= Maroon Town, Jamaica =

Settlement in Jamaica

 Maroon Town is a settlement in Jamaica. It has a population of 3,122 as of 2009.

==Geography and economy==
Maroon Town is located in the conical Cockpit Country that spans parts of the parishes of St. James, St. Elizabeth and Trelawny. Located in Saint James Parish, Jamaica the community sits approximately 29 kilometers, southwest of Montego Bay, the parish capital.

This former settlement of the Jamaican Maroons has a variety of Jamaican flora and fauna. Farmers in this area invest in ground provisions (including yam) and other staples, but especially bananas. Bananas have over the years been commercially successful as a profit-making venture in this community and are also a regular staple of locals.

The Maroon Pride Banana Chips brand originated in this community.

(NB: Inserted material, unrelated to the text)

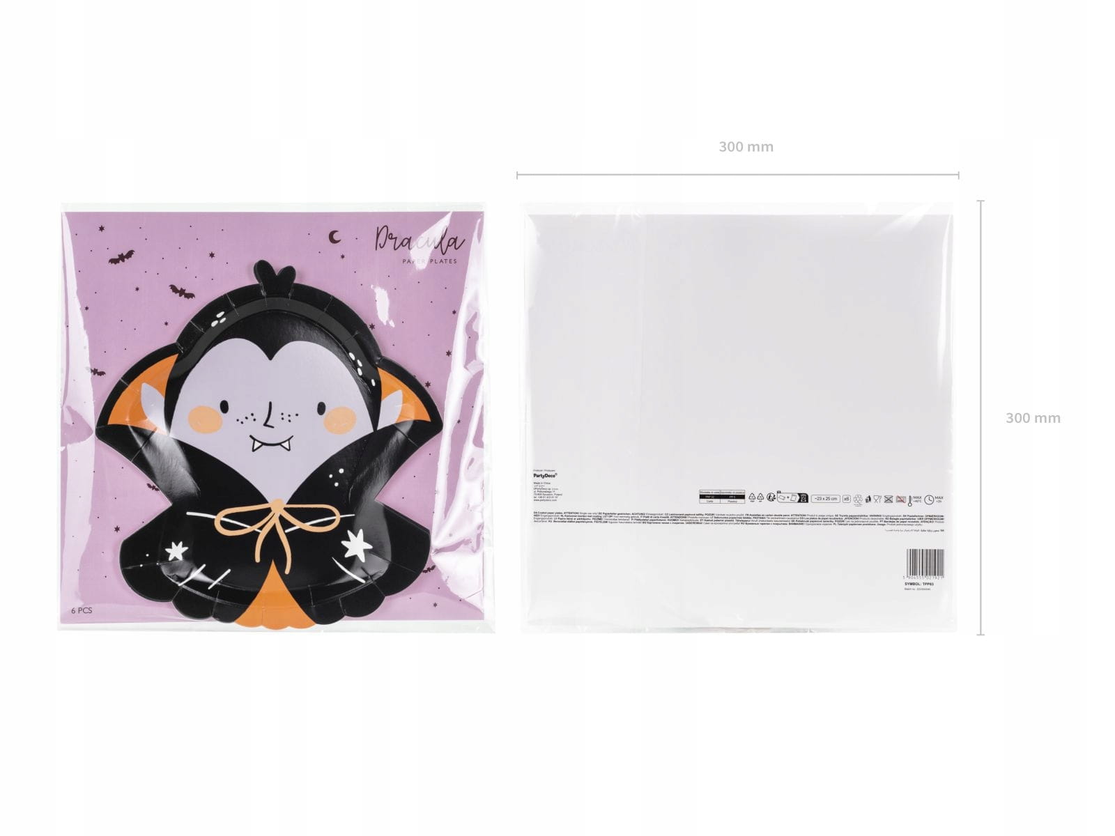 Talerzyki papierowe na Halloween Dracula 25 cm 6 szt
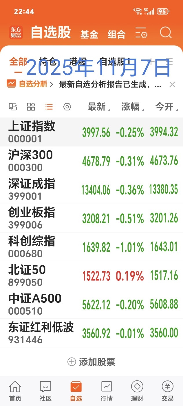 A股,今天5个市场主要指数一涨四跌,一涨,北证50上涨,涨幅0.19%;四跌,上证指数、深证成指、创业板指和科创综指下跌,科创综指跌幅1.01%,其它3只微跌。日K线四阳一阴,四阳:上证指数、深证成指、创业板指和北证50;一阴,科创综指。从A股近期走势分析,市场总趋势仍是上行,当然上行途中难免会出现回调整理。

==Cudjoe's Town and Trelawny Town==
It is a former home of runaway slaves who became Jamaican Maroons and fought two guerrilla wars against the colonial authorities, the First Maroon War of the 1730s and the Second Maroon War of 1795–6. When it was a home to these escaped slaves, it was called Cudjoe's Town (Trelawny Town). Once the governor, Edward Trelawny, authorised the signing of a treaty with Cudjoe in 1739, Cudjoe's Town became known as Trelawny Town.

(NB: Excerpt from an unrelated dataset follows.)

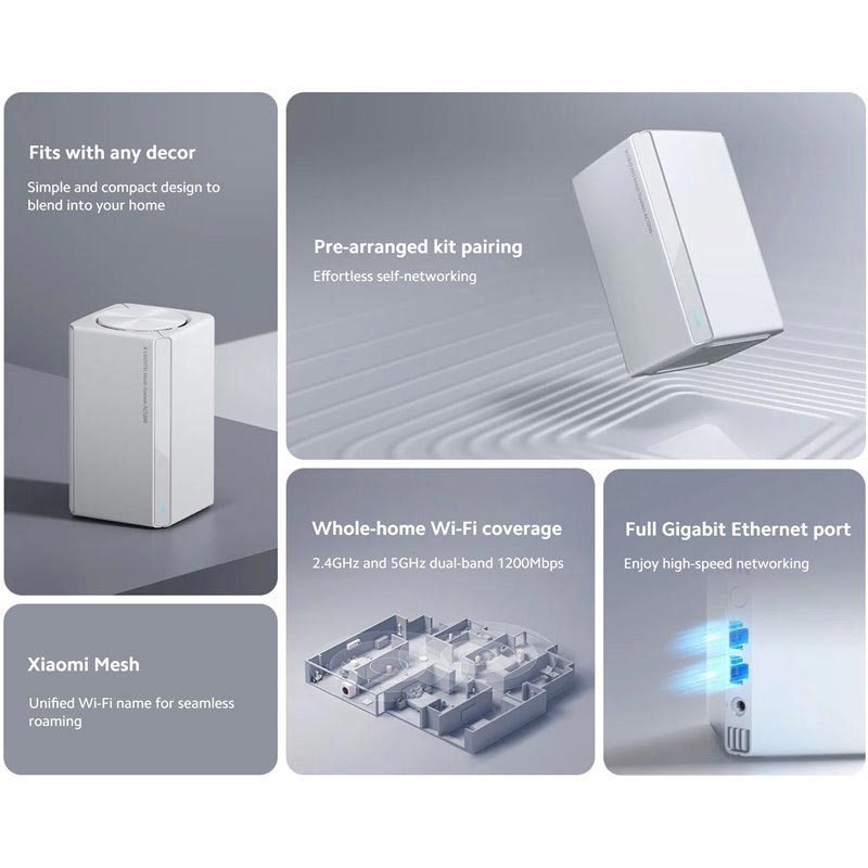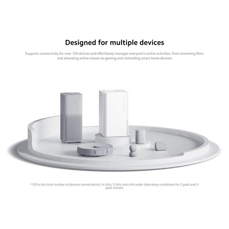 O Xiaomi Mesh System AC1200 é uma solução Wi-Fi inteligente para toda a casa, concebida para proporcionar uma cobertura de Internet estável, rápida e sem interrupções em toda a sua casa. Com velocidades sem fios de banda dupla até 1200 Mbps, portas Gigabit Ethernet completas e tecnologia Xiaomi Mesh, ajuda a eliminar áreas com sinal fraco e mantém a sua ligação estável enquanto se desloca de divisão em divisão.

After the Second Maroon War, the colonial authorities deported the Maroons of Trelawny Town to Nova Scotia and then Sierra Leone. They then renamed the settlement Maroon Town, and since then it has been a place of archaeological research.

==Military barracks==
Maroon Town was used as a military barracks for half a century after the Trelawny Maroons were deported, but the colonial government found it difficult to maintain an outpost there. In 1812, a hurricane destroyed most of the buildings in the barracks.

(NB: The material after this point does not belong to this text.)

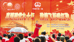 6月20日,为纪念建党九十周年,中铁一局集团上海分公司党委在上海浦东举办“喜迎建党九十年 激情飞跃唱红歌”演唱会。红歌会在《没有共产党就没有新中国》的歌声中拉开帷幕,来自上海轨道交通12号线27标项目部的员工和周边三个社区的居民150余人唱出了对党、对祖国、对社会主义的深情。 新华社记者 张明 摄
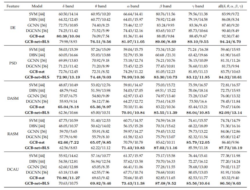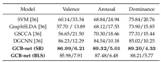 GCB-net with BLS 取得了最好的效果,验证了模型的有效性。DREAMER 数据集实验结果如图 8 所示,可以观察到,大部分方法在 Dominance 维度识别效果较好,虽然 GCB-net+BLS 的性能相对于 GCB-net 并没有得到提升,但其准确性仍优于或接近 DGCNN 的结果,说明了 GCB 模型的有效性。

Since then, over the years, many officers complained about the poor state of the barracks and the hospital, as well as the frequent rainfall and dampness. The barracks became difficult to maintain, and the colonial authorities eventually abandoned the barracks in the 1850s.

==Returned Maroons of Flagstaff==
When scores of Trelawny Maroons returned to Jamaica following the abolition of slavery in the 1830s, many of them settled in the nearby village of Flagstaff.

In 1905, visitors to Maroon Town observed some Returned Maroons from nearby Flagstaff hunting wild hogs.